■ WHAT TO DO ■
Write out exactly the lines below that run from the one containing "Гуашь 6 цветов" through the one containing "1枚1枚お花紙をひねったり折ったりし箱いっぱい完成しました!", both included, with no other lines.

INFORMATION SUPPLIED below:

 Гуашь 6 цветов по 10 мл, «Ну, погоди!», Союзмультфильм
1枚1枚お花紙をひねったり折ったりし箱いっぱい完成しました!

End of INFORMATION SUPPLIED.
INFORMATION SUPPLIED below:

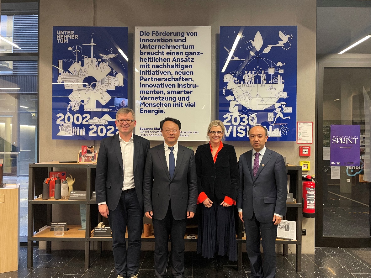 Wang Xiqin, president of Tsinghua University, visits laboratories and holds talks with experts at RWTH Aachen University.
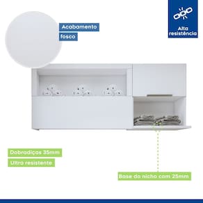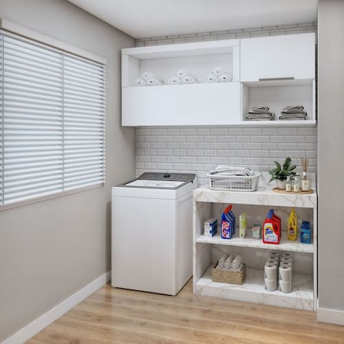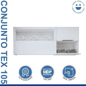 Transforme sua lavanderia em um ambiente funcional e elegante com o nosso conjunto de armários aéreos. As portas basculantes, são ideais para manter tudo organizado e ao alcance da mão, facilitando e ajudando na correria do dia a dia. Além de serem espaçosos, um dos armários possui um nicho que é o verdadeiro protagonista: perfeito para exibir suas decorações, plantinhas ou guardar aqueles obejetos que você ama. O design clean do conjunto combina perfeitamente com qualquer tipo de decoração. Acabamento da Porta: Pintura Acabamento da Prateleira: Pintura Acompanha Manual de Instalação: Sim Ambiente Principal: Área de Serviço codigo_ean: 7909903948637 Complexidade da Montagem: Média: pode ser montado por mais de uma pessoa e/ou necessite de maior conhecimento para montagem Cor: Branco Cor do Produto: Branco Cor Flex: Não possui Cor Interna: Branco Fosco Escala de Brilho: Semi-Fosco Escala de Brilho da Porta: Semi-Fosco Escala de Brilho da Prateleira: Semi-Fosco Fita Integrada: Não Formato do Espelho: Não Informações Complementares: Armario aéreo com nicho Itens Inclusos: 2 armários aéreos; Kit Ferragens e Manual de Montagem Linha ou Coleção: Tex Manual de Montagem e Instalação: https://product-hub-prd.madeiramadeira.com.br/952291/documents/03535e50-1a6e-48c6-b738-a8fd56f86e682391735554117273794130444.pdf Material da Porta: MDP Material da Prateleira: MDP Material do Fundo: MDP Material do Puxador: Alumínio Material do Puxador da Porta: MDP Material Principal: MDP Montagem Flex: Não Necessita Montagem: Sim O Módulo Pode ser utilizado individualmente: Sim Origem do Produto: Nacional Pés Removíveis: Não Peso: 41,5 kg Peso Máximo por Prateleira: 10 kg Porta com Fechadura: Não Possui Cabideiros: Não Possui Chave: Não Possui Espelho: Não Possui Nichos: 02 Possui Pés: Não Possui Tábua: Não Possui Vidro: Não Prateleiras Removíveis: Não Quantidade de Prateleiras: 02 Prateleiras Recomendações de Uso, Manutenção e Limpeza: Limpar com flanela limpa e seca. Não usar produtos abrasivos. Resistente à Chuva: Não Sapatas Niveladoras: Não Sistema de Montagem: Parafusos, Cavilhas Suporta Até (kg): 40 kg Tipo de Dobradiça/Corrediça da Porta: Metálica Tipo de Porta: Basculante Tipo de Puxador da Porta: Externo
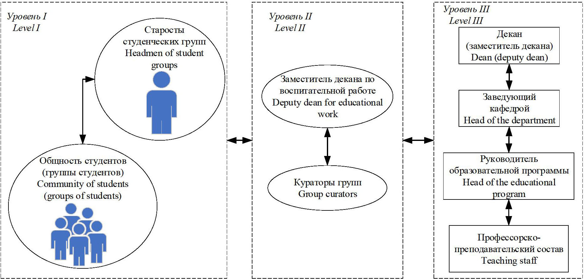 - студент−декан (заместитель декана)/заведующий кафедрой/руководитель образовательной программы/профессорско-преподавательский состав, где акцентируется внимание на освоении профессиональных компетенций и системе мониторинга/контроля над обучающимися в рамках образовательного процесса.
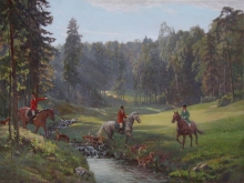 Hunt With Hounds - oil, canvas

End of INFORMATION SUPPLIED.

■ SOLUTION FOR THIS TASK ■
 Гуашь 6 цветов по 10 мл, «Ну, погоди!», Союзмультфильм
1枚1枚お花紙をひねったり折ったりし箱いっぱい完成しました!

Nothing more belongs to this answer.